Establishing an MMP system has significant benefits. Compared to an FFP system, Donald argues that “MMP has meant less wasted votes, less adversarial government, better gender and racial representation, higher voter turnouts and more choices for New Zealand voters” (Warnica 2003). In fact, the New Zealand Labour Party, which currently governs, and the other major party, the National Party, each had at least six additional list seats added to the House in the 2002 election. Even more significant are the five other parties that won either zero or one electorate seat, that were granted an additional one to twelve list seats (Elections New Zealand 2002). Wasted votes cast for non-winning candidates or for parties that are not likely to win (Warnica 2003) detract from political participation. Wasted votes cast to strategically defeat a government or incumbent politician, or to contribute to creating a minority government would occur less often under MMP, thus potentially increasing political efficacy in the jurisdiction, reflected in higher voter turnout and increased political discussion in society in general. Also, women and aboriginals could see a marked increase in their level of representation in legislature (O’Neill 2002). Further, from a historical perspective, with increased literacy among the electorate and improved communications methods over the last century, there has been an increase in political participation, partially reflected in the increasing numbers of people forming political parties to compete with traditional parties. When Whips and Tories can no longer represent all political views, MMP appears to be a preferable model.
Another feature of increased political participation in our culture over the decades has been the establishment of the political initiative to facilitate citizen-directed legislation. In 2002, a BC civil society group called Free Your Vote: A Citizen’s (sic) Initiative to Establish a Proportional Representation Electoral System in British Columbia, demonstrated such participation by trying to reform the electoral system to more effectively reflect the desires of an increasingly informed and assertive electorate. Even though they managed to accumulate only 46% of the signatures required to force the government to introduce (but not necessarily pass) PR legislation or “put it to a province wide initiative vote” (Free Your Vote 2003a), they did manage to accumulated over 98,000 signatures from across the province in only three months. They managed to exceed the minimum number of signatures required in each electoral district in nine of 79 ridings (Free Your Vote 2003b).
Why did not more people sign up for the Free Your Vote initiative, though, if it has the potential to eradicate the polar swings of electoral extremity in BC apparent over the last 5 decades? Temporary weaknesses in the PR system may appear in two explanations for the initiative’s lack of success: an electorally punitive attitude in Canada, and ignorance about the complexities of PR. In Canada, perhaps citizens are used to the near or absolute decimation of political parties that have offended the population.
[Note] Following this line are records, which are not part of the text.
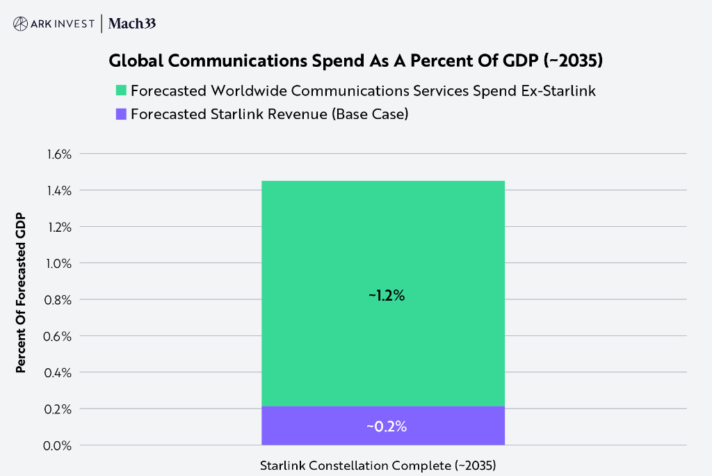 根据我们的基准情景,星链星座约在2035年完成后,ARK研究显示SpaceX可能产生约3000亿美元的年收入,约占全球通信总支出的15%,如下所示。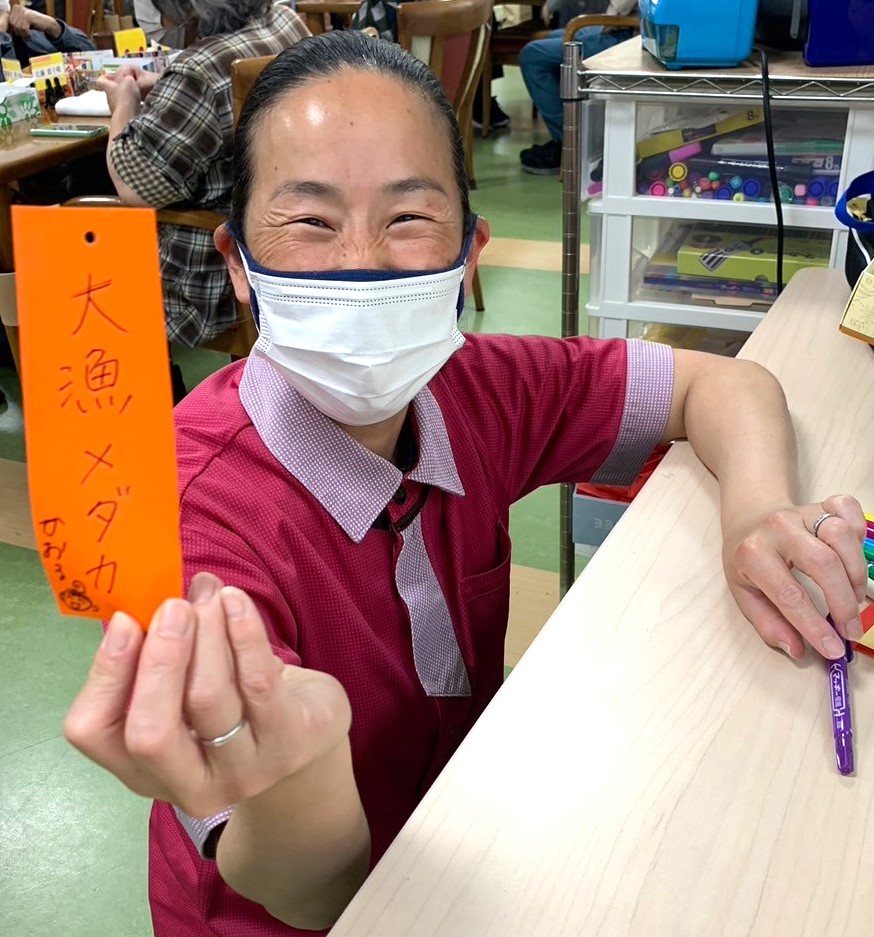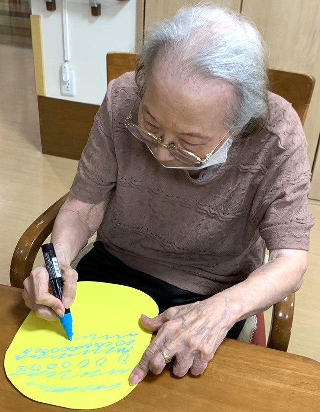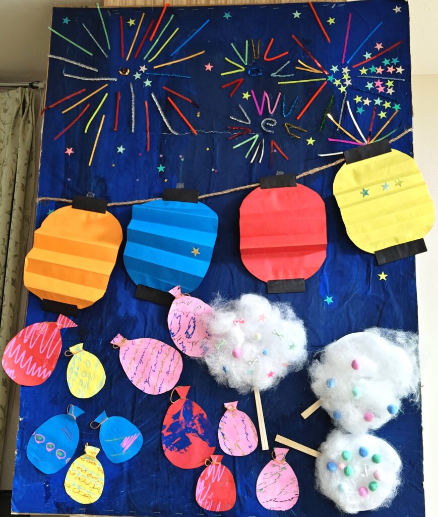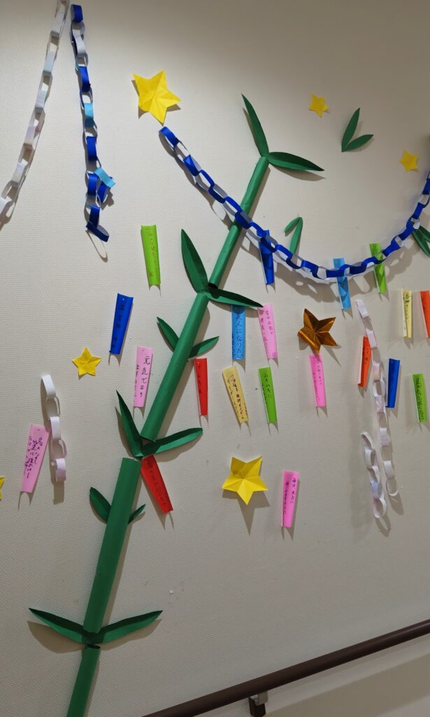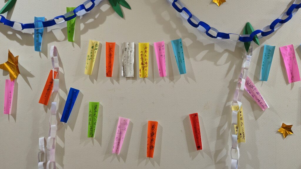 トイレ前ギャラリーには、みんなの願いを込めた短冊を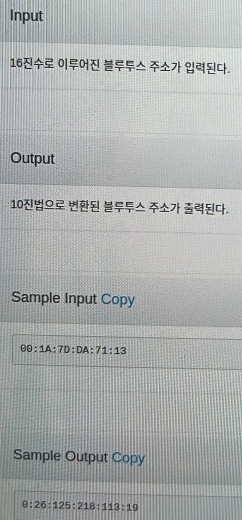 hex_lst = hex_addr.split(':') # 주소별 분리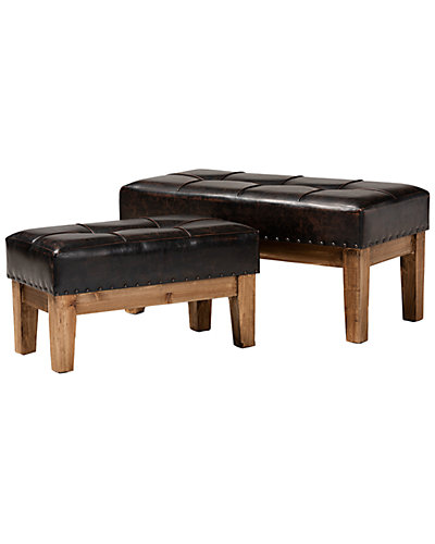 - Design details: Give your space a warm, rustic aura with the Lenza ottoman set. Featuring one large ottoman and one small ottoman, this MDF wood set showcases a natural finish that displays the stunning grain patterns in the wood. Each piece is upholstered in distressed dark brown faux leather or a luxurious feel. Biscuit tufting and antique bronze nailheads complete the look. Use this versatile piece as a footstool or as extra seating for guests. The Lenza ottoman set is made in China and will arrive fully assembled.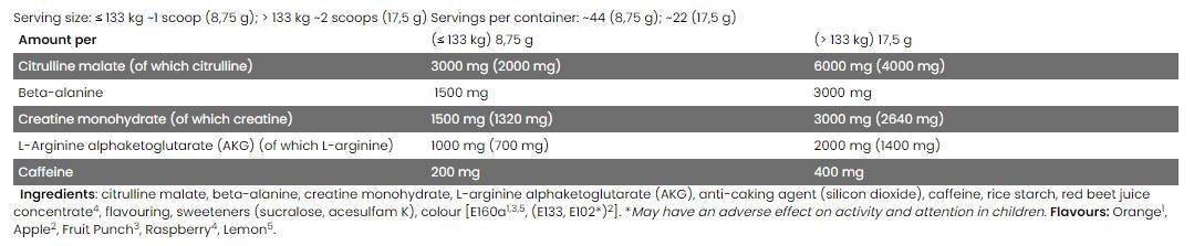 Формулата на SHAABOOM PUMP е наситена с 5000 мг. Бета-аланин и 2000 мг. Цитрулин Малат. Непосредствено след приема на SHAABOOM PUMP ще започнете да усещате тежестите като детски строителни блокчета и ще сте готови да слагата още и още. При пресичането на млечната киселина се получават крампи и мускулна треска. Не ѝ позволявайте да ви дърпа назад - SHAABOOM PUMP съдържа три форми креатин: Монохидрат, Три-креатин малат и Креатин Хидрохлорид, които работят постоянно, за да възстановят и повишават нивата на АТФ.
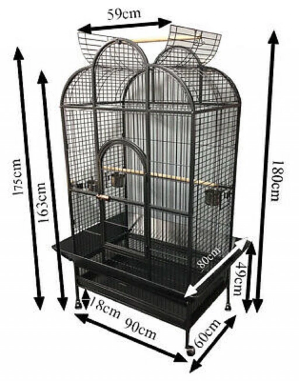 Kafes boyutu: 138 Y cm x 90 G cm x 60 D cm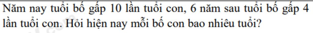 Năm nay tuổi bố gấp 10 lần tuổi con, 6 năm sau tuổi bố gấp 4 lần tuổi con. Hỏi hiện nay mỗi bố con bao nhiêu tuổi?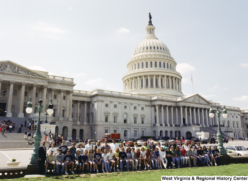 - Photograph of Congressman Nick J. Rahall with a group of students from an unidentified school
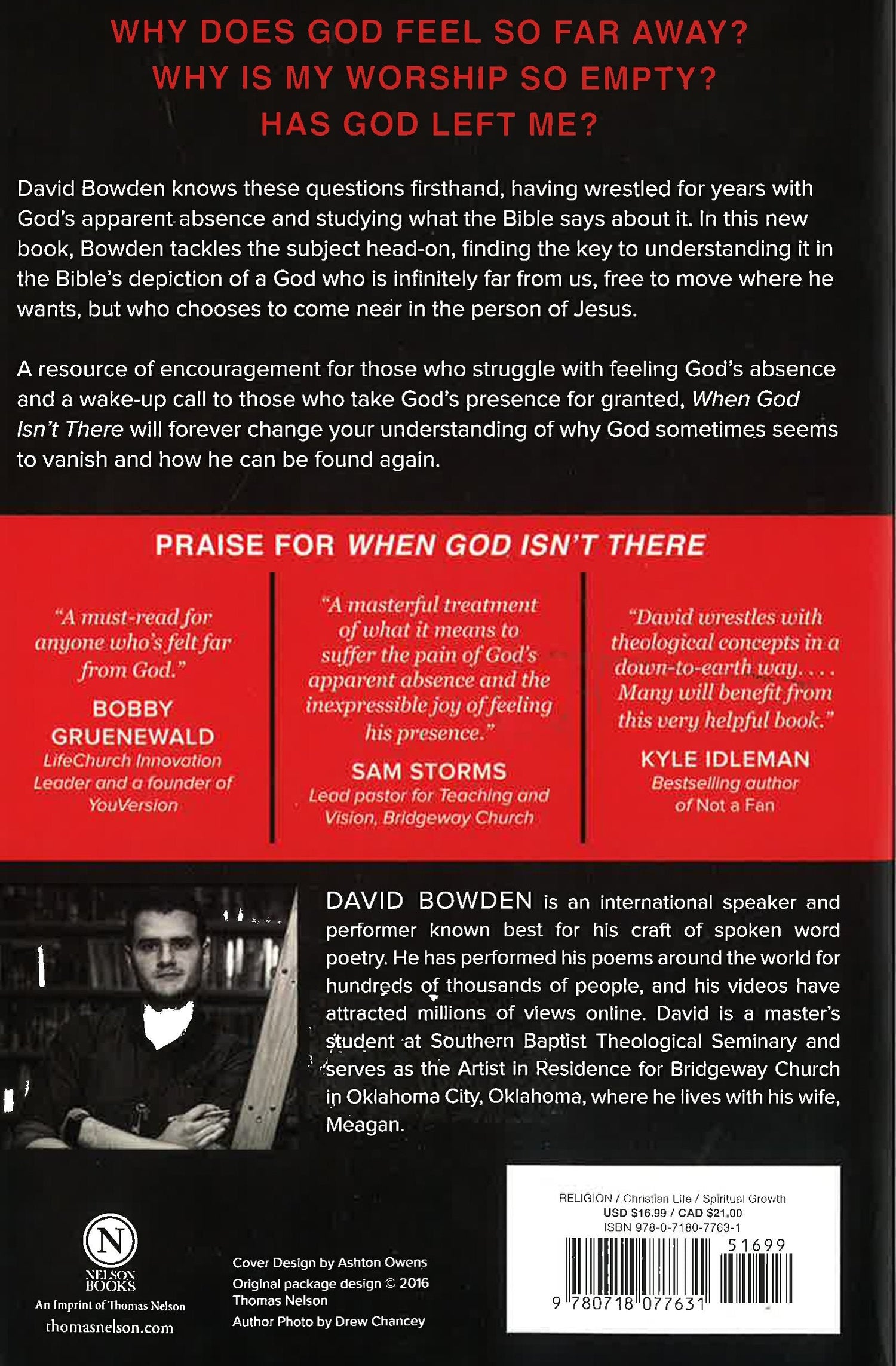 Why does God feel so far away? Why is my worship so empty? Has God left me?David Bowden knows these questions firsthand, having wrestled for years with God?s apparent absence and studying what the Bible says about it. In this new book, Bowden tackles the subject head-on, finding the key to understanding it in the Bible?s depiction of a God who is infinitely far from us, free to move where he wants, but who chooses to come near in the person of Jesus.A resource of encouragement for those who struggle with feeling God?s absence and a wake-up call to those who take God?s presence for granted, When God Isn?t There will forever change your understanding of why God sometimes seems to vanish and how he can be found again.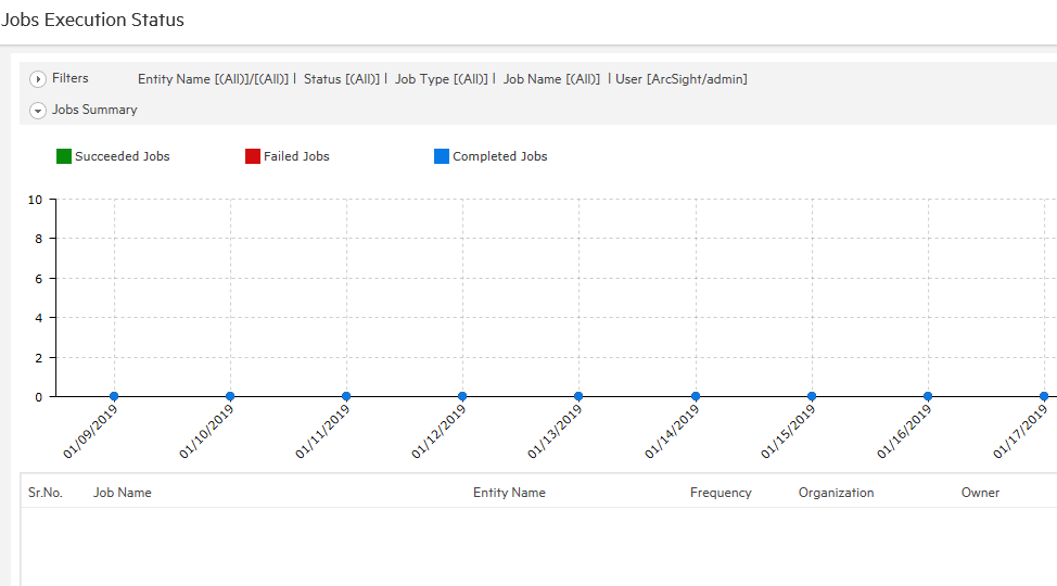 By default, data of jobs executed in the last 7 days is displayed. For example, if today is June 8 2018, data of jobs having execution date between June 1, 2018 and June 8, 2018 will be displayed.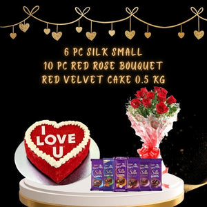 Experience the Eternal Love Velvet Symphony Combo, where passion and sweetness intertwine. The I Love You Red Velvet Delight Cake, a scrumptious expression of love, forms the heart of this ensemble. Accompanied by a luxurious 6 Pc Silk chocolates and a breathtaking 10 Pc Red Rose Bouquet, this combo is a harmonious celebration of eternal love. Elevate your special moments with this grand ensemble, meticulously crafted to create a symphony of emotions.

The federal Tories were almost annihilated in 1993, as was Social Credit in BC in 1991. Perhaps citizens believe that bad parties need to be erased from public influence; the decimation is justified. Related is the idea that citizens, however, seem to be able to tolerate only a certain degree of distortion that the FPP system provides. Mulroney’s free trade win in 1988 without a majority popular vote was irksome, but not enough to cause any velvet revolution in Canada. The NDP victories in 1991 (41% of the popular vote with 68% of the seats (Elections BC 2000)) and 1996 (52% of seats with 38% of the popular vote (Warnica 2003)) demonstrated a similar degree of distortion, but the Campbell government win in 2001—98% of seats with only 58% of the popular vote (not to mention the New Brunswick Liberal 100% sweep in 1987 (O’Neill 2002, 277))—has moved the populace to a new level of action to address an unrepresentative electoral system, but not enough of the populace to ensure a victory for the Free Your Vote campaign. Likely, the public’s lack of understanding of PR systems limited the kind of viral word of mouth that the Free Your Vote campaign needed to meet its quota of signatures. People may be upset with skewed legislative representation, but they may not fully understand or grasp the value of alternative systems. Gerry Scott, Provincial Secretary of the BC NDP, stated that there was little understanding among his party membership in the late 1990s of PR systems and the need to address electoral reform (Scott 2003), which was perhaps why the NDP did not alter the electoral system before they left office in 2001. Perhaps too, the NDP did not change the system because of hubris: they had benefited from the electoral skewing when re-elected in 1996, so they may not have appreciated the value in possessing the legislative power to improve the electoral system while they were in office.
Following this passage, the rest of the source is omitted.